▸ **Work order**
The output should be the listing below, limited to the lines from the one with "भारताचे माजी कर्णधार" through the one with "The date 9/", exact and without pictures.

+++ Information +++

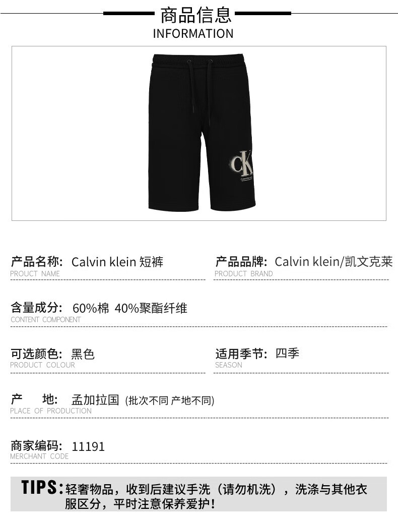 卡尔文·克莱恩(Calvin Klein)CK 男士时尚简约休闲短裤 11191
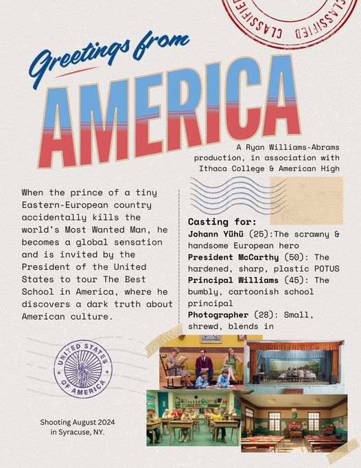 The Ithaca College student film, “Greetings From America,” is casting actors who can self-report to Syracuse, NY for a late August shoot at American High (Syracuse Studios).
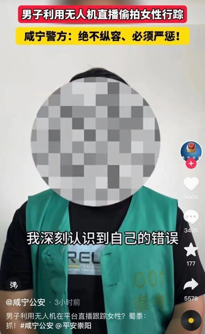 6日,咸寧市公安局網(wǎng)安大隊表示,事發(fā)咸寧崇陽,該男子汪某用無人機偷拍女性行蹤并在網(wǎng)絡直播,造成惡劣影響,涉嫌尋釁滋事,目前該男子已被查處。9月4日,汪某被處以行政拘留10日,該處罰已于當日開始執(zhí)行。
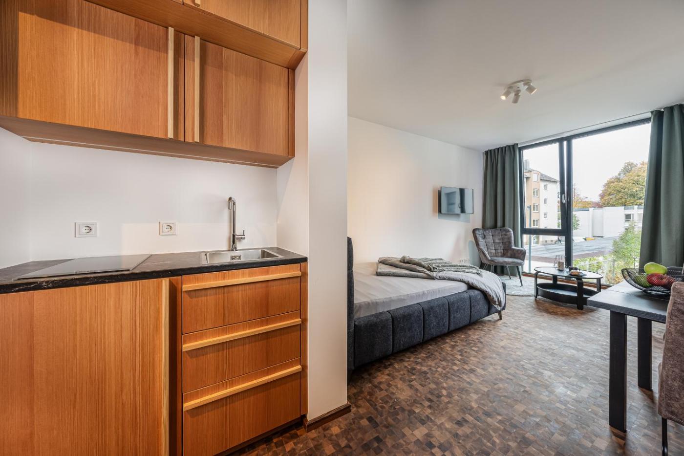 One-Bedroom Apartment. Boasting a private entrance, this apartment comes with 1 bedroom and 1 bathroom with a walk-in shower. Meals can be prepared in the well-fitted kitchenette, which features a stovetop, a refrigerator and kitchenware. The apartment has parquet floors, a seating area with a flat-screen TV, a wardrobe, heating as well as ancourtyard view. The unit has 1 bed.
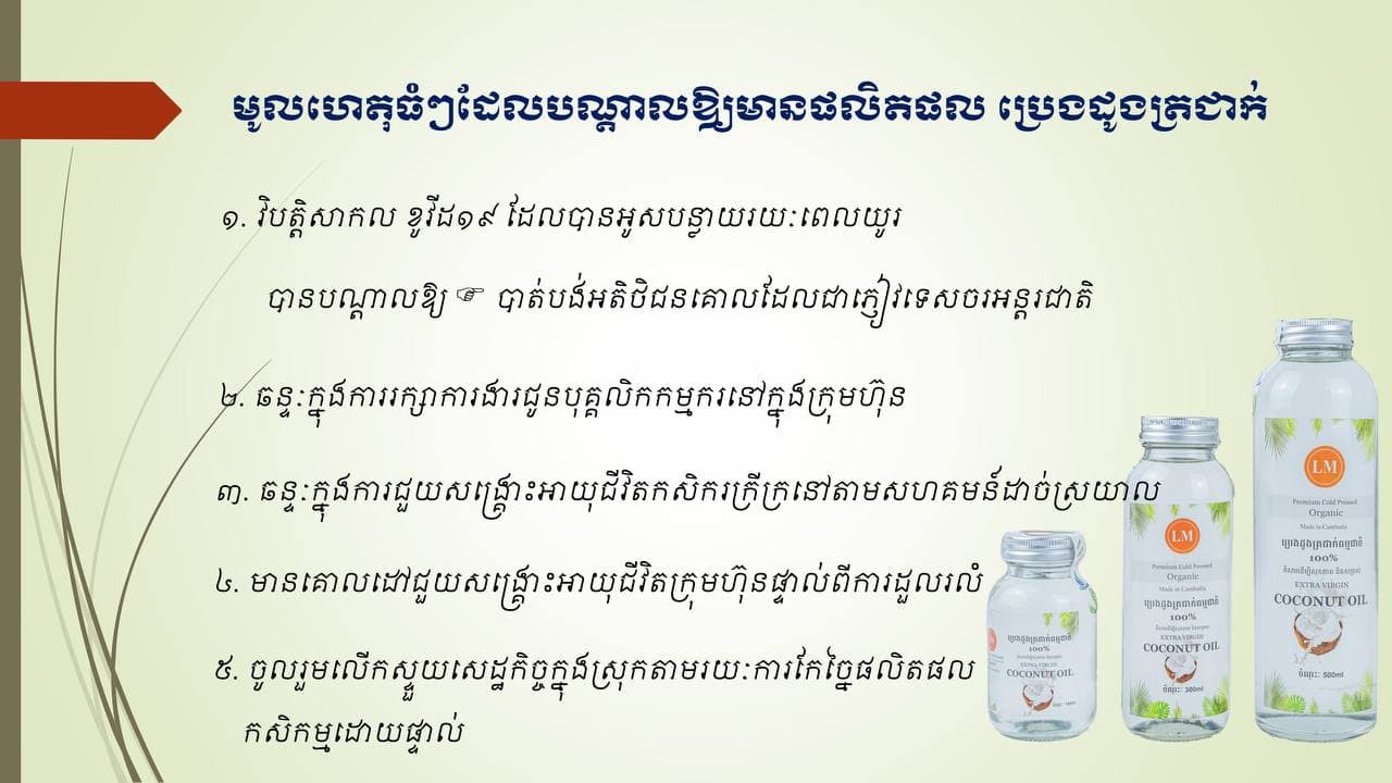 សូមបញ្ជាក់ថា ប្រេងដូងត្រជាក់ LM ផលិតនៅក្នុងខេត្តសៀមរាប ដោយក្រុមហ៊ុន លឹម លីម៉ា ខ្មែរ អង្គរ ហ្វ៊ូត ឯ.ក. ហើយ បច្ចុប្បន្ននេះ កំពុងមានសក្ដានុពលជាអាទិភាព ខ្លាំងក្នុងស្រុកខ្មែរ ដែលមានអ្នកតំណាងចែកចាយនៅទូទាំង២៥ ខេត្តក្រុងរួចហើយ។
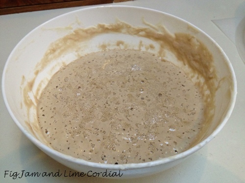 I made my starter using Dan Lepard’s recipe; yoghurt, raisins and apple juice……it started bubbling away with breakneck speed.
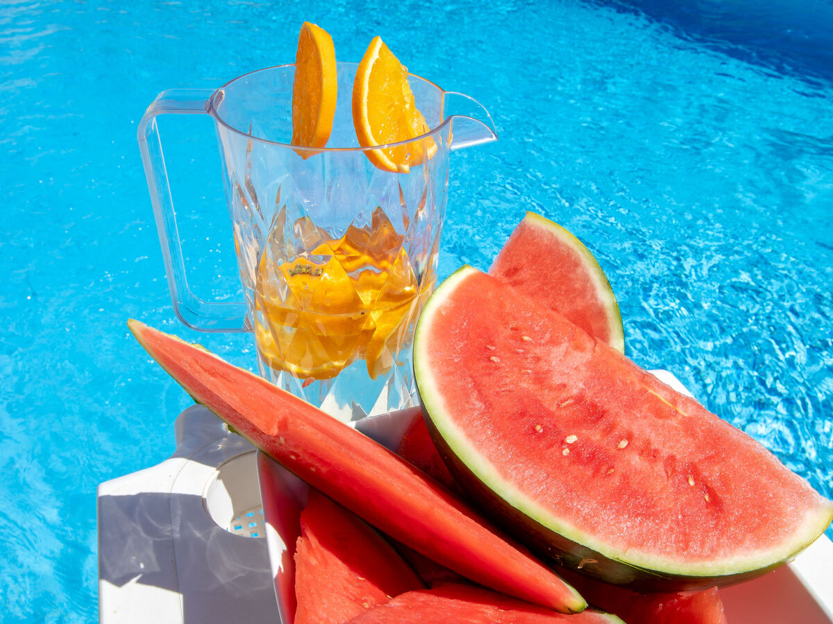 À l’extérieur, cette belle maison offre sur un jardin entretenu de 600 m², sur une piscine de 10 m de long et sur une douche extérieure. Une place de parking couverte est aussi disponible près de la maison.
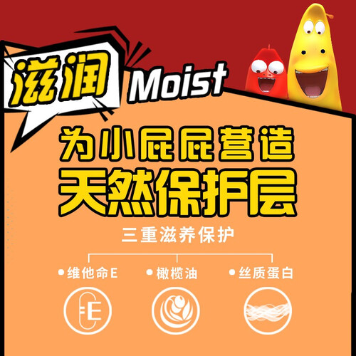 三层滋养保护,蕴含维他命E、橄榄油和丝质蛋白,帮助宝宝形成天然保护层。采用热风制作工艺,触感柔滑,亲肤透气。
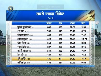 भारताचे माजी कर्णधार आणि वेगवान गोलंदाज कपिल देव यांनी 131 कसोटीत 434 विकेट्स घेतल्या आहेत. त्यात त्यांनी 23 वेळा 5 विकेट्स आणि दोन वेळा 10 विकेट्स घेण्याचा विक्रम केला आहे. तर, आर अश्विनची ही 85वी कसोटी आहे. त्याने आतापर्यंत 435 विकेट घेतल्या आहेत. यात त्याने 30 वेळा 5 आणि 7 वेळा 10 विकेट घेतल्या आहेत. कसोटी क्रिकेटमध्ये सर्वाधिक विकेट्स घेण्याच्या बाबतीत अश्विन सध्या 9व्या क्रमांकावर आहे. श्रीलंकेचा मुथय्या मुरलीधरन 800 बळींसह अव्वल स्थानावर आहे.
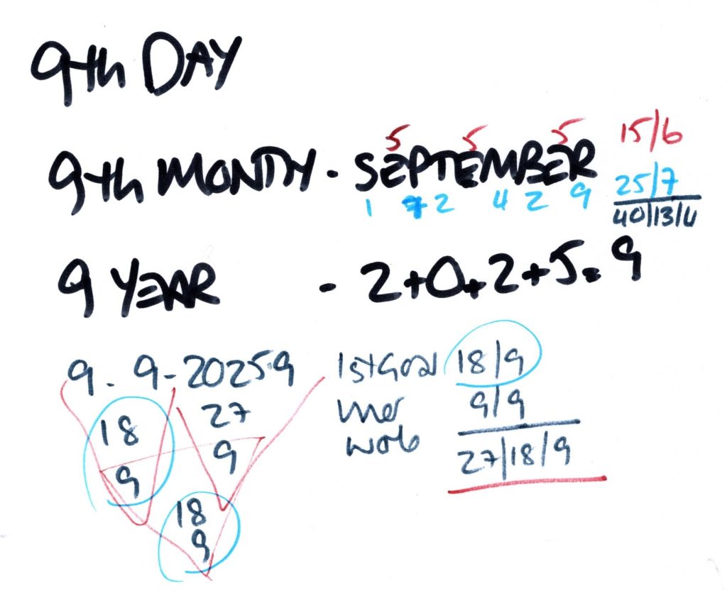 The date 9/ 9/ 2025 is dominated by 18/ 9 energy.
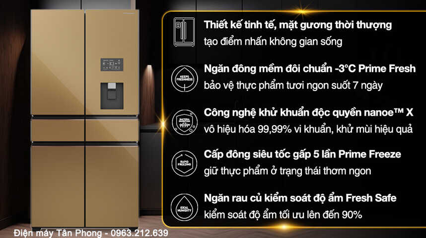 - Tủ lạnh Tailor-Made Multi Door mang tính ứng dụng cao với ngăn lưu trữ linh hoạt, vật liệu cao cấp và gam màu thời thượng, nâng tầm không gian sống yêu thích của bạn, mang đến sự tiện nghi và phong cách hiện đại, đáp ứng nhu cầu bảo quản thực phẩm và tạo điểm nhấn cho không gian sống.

+++
+++ Information +++

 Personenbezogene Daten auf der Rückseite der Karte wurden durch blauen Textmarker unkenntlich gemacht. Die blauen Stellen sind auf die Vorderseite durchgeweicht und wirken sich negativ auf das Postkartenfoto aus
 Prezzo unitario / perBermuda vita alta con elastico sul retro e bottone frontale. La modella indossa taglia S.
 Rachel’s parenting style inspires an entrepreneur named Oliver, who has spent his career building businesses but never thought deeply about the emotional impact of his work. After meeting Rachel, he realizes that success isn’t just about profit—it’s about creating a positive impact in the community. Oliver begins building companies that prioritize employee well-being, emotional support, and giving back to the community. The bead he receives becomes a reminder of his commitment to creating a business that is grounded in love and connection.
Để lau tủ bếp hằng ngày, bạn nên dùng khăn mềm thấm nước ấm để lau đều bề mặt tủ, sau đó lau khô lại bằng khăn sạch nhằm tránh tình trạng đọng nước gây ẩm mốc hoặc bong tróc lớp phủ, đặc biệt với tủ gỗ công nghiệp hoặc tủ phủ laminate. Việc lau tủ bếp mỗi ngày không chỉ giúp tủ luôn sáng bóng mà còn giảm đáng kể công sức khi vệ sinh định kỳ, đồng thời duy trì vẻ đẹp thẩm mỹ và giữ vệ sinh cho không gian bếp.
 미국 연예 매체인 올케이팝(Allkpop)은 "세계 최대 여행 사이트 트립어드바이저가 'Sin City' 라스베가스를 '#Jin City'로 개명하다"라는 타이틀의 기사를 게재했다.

+++

▸ **Task answer**
 भारताचे माजी कर्णधार आणि वेगवान गोलंदाज कपिल देव यांनी 131 कसोटीत 434 विकेट्स घेतल्या आहेत. त्यात त्यांनी 23 वेळा 5 विकेट्स आणि दोन वेळा 10 विकेट्स घेण्याचा विक्रम केला आहे. तर, आर अश्विनची ही 85वी कसोटी आहे. त्याने आतापर्यंत 435 विकेट घेतल्या आहेत. यात त्याने 30 वेळा 5 आणि 7 वेळा 10 विकेट घेतल्या आहेत. कसोटी क्रिकेटमध्ये सर्वाधिक विकेट्स घेण्याच्या बाबतीत अश्विन सध्या 9व्या क्रमांकावर आहे. श्रीलंकेचा मुथय्या मुरलीधरन 800 बळींसह अव्वल स्थानावर आहे.
 The date 9/ 9/ 2025 is dominated by 18/ 9 energy.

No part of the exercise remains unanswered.